The poem opens with a piece of information, which, though delivered in phraseology somewhat quaint and obscure, we are not disposed to question, namely, that this country is still at war; but it goes on to make ample amends for the flat veracity of this commonplace, by adding a statement, which startled, as much as the former assertion satisfied, our belief. Mrs. Barbauld does not fear to as. sert, that the year 1811 was one of extraordinary natural plenty, but that, with a most perverse taste.

Man called to Famine, nor invoked in vain.'

We had indeed heard that some mad and mischievous partisans had ventured to charge the scarcity which unhappily exists, upon the political measures of government :-but what does Mrs. Barbauld mean?

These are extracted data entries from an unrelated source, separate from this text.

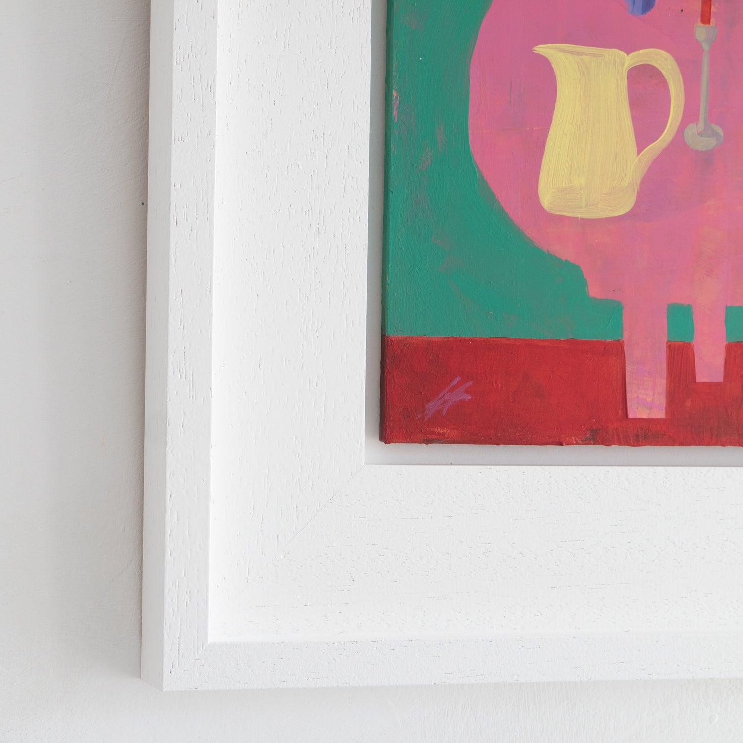 Date Night is framed in a white wood slab frame and is ready to hang.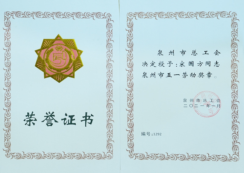 泉州工匠榮譽證書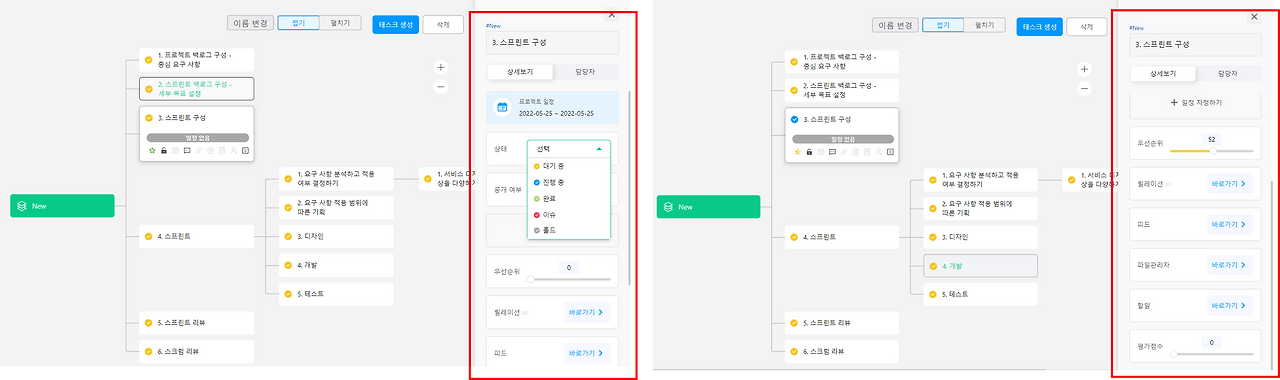 그리고 각 태스크 클릭 시 오른쪽 세부 설정 메뉴를 볼 수 있습니다.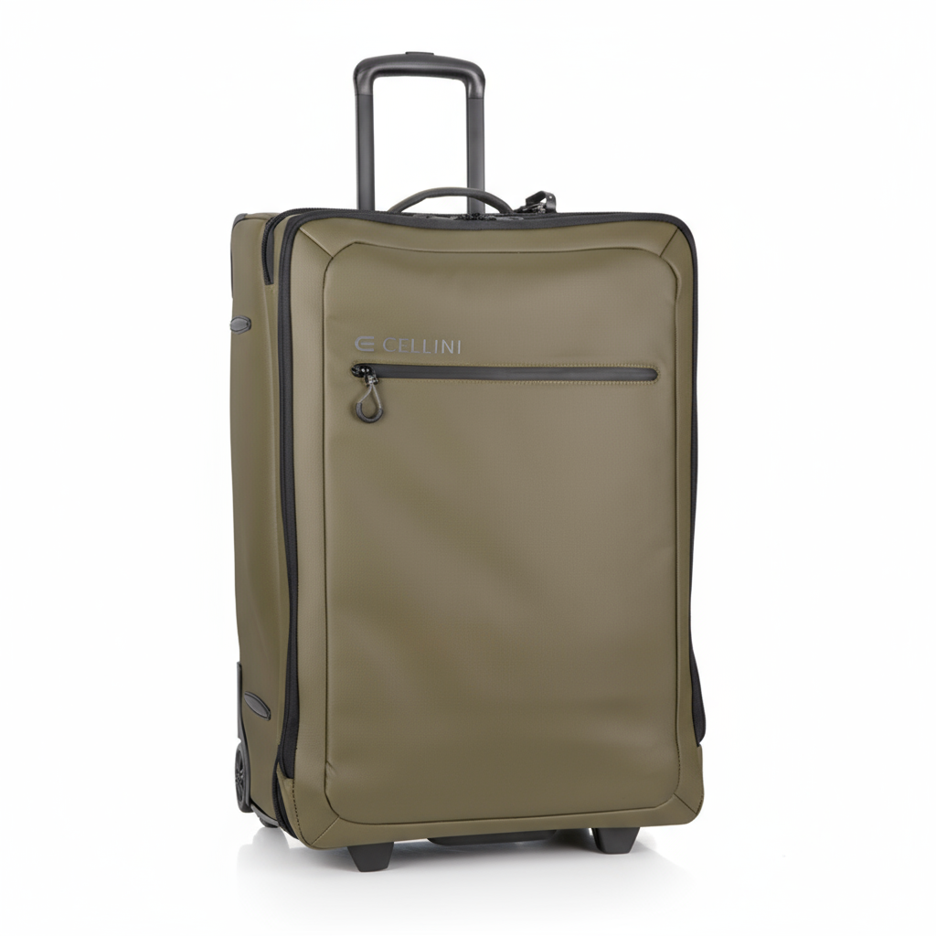 Unleash your adventurous spirit with the Cellini Nomad Large Trolley Pullman, designed with innovative oversized all-terrain wheels that provide exceptional stability and durability on every journey. Its dual packing system boasts an impressive extra-large capacity, while the trakpouch tracking tag storage system keeps your tracking device secure and easily accessible. Experience the superior craftsmanship of the water-resistant coated PU material, complemented by a water-resistant zipper on the smaller front pocket, ensuring that all your travel essentials stay safe and dry, no matter where your travels take you.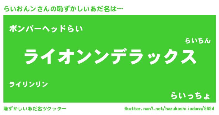 | 意味不明あだ名 | 『住所不定無職らいおんン(74歳)』 |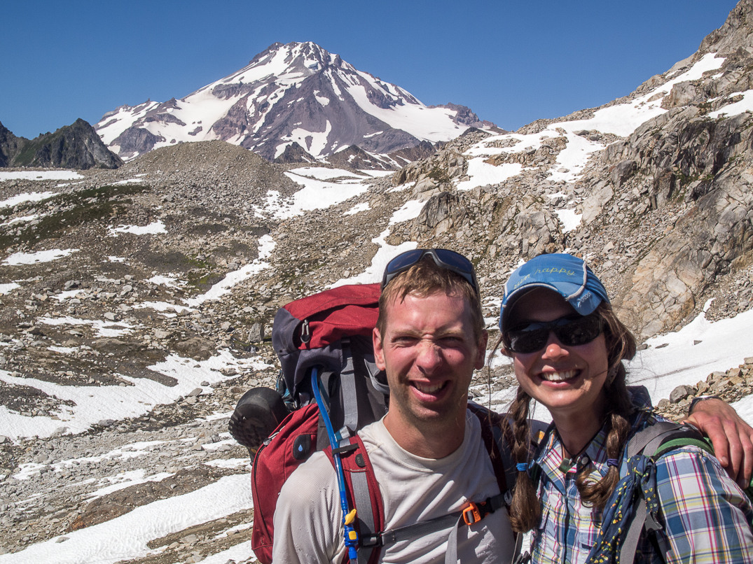 Glacier Peak and our campsite below the White Chuck Glacier.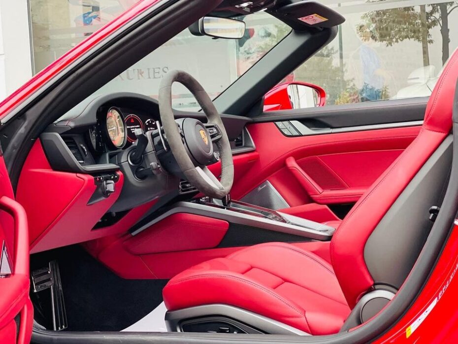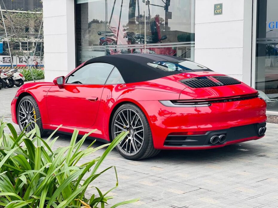 Chiếc Porsche 911 Carrera S Cabriolet màu đỏ từng được cộng đồng mê xe trong nước bàn tán khi chỉ riêng trang bị tùy chọn đã lên tới 3 tỷ VNĐ. Để tạo điểm nhấn, sọc kẻ kép tối màu trải dài từ nắp capo ra tới đuôi xe. Phần mui vải của xe có màu đen cũng xuất hiện chi tiết sọc kẻ tạo sự đồng bộ. Ngoài ra, bộ mâm 20 inch ở bánh trước và 21 inch ở bánh sau đã có giá 167,2 triệu VNĐ, đi kèm 4 cùm phanh vàng trên hệ thống phanh gốm–composite của Porsche (PCCB) cũng có giá 581,1 triệu VNĐ.
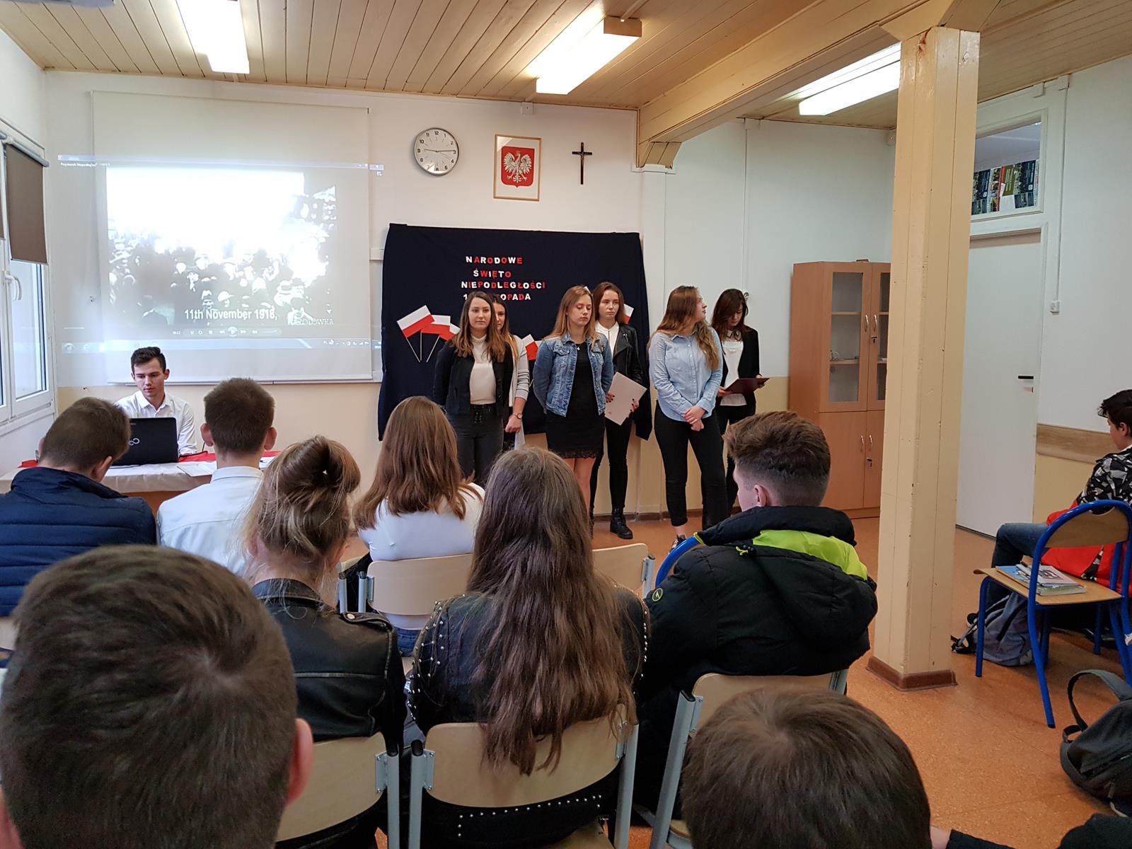12 listopada 2019 r. odbył się w naszej szkole uroczysty apel z okazji obchodów 101 rocznicy odzyskania niepodległości przez Polskę. Uczennice klasy 3A przybliżyły zebranym walkę Polaków o niepodległość w XIX w. i wydarzenia, które doprowadziły do odbudowy Polski w 1918 r.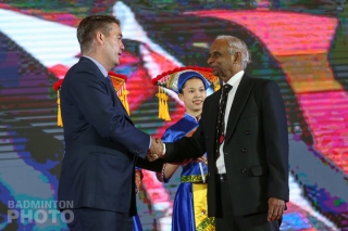 Also at the gala dinner that accompanied the BWF’s Annual General Meeting (AGM), awards were given out to three other members of the international badminton community. Belgian umpire Ronny de Vos received the Distinguished Service Award, Lifetime Achievement Awards went to Ranjit de Silva (pictured above) of Sri Lanka and to Canadian Jean-Guy Poitras.
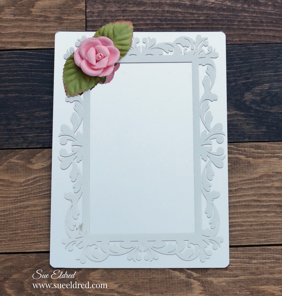 - Create a delicate scroll frame using white adhesive glitter vinyl, an SVG cut file, and an electronic die cutting machine.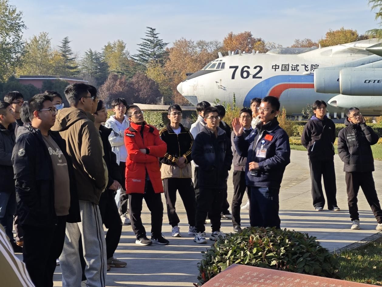 活动伊始,中国飞行试验研究院人力资源部副部长刘文佳对西电师生的到来表示热烈欢迎,他向师生们简单介绍了试飞院的发展历程和基本情况。接下来,师生们跟随着讲解员的脚步参观了功勋飞机园。讲解员从飞机整体构成,研发技术迭代以及艰辛的试飞历史等方面,详细介绍了歼五、初教六、轰六、运七、空警2000预警机等一系列见证我国航空事业腾飞的功勋飞机。在这里,一架架钢铁雄鹰静静地诉说着我国航空工作者从逆向研发到自主研发的艰难岁月,试飞英雄搏击长空的辉煌历史。在功勋飞机园,脚下的每一步皆是历史,吹过的每一阵风皆是岁月。在功勋园的最里面竖立了几块红色的功勋墙,上面镌刻着为中国航空事业燃烧过岁月的先辈的名字。昂首望去,师生们心生敬意,共同感受着几代试飞人薪火相传、砥砺前行的精神力量。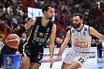 Ike Anigbogu a canestro nella sfida contro Napoli. A fianco, Billy Garrett in penetrazione

Does she seriously accuse mankind of wishing for a famine, and interceding for starvation? or does she believe that it is in the power of this country, of what remains of independent Europe, nay, of herself, to arrest the progress of war, and, careless of what Buonaparte or his millions may be about, to beckon back peace and plenty, and to diffuse happiness over the reviving world?

But let us select a specimen of her poetry, which shall be also one of her veracity, prophecy, and patriotism. It is the description of the fallen state of this poor realm.

Thy baseless wealth dissolves in air away,

Like mists that melt before the morning ray;

No more in crowded mart or busy street,

Friends meeting friends with cheerful hurry greet.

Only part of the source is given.